YOUR GOAL:
Only one stretch of the records below is wanted: the lines from the one holding "Nautical lime green" through the one holding "So it’s like". Return it exactly, both ends included.

DATA SHOWN:

# # # # #

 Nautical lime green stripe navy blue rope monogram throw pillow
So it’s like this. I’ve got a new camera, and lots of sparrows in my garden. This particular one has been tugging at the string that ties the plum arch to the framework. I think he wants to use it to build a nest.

# # # # #

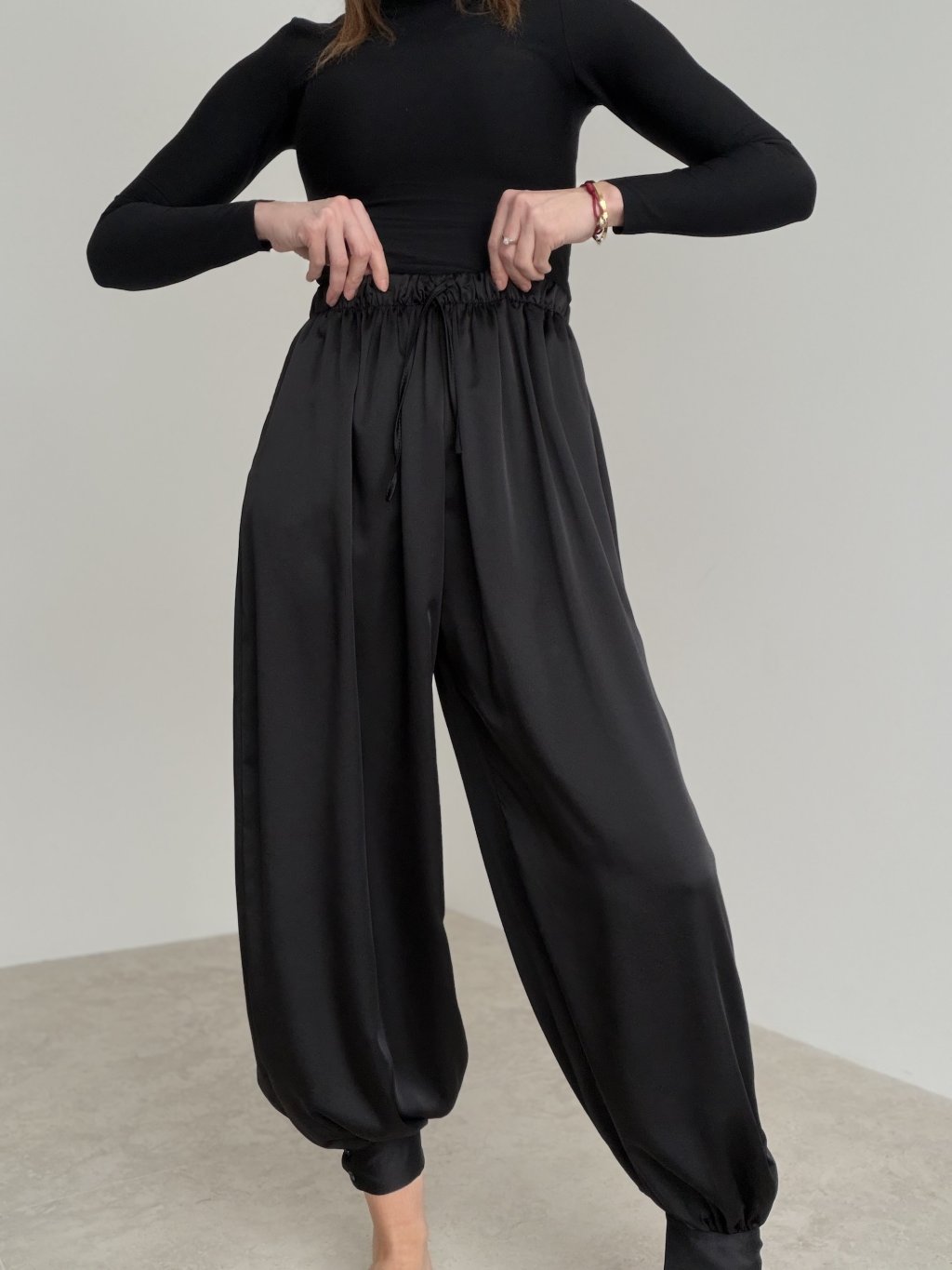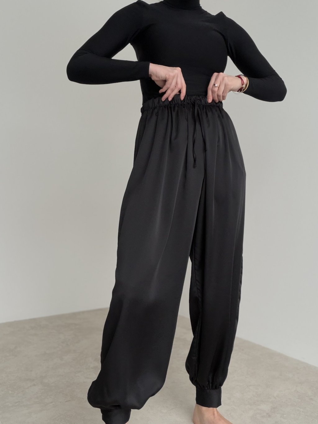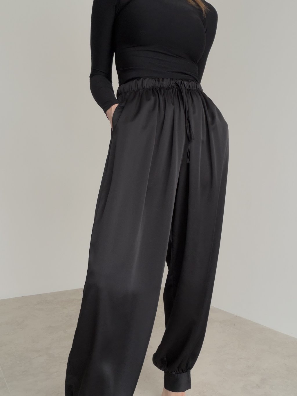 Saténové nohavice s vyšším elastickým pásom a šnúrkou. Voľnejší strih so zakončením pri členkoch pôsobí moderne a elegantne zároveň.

# # # # #

ANSWER TO THE PROBLEM:
 Nautical lime green stripe navy blue rope monogram throw pillow
So it’s like this. I’ve got a new camera, and lots of sparrows in my garden. This particular one has been tugging at the string that ties the plum arch to the framework. I think he wants to use it to build a nest.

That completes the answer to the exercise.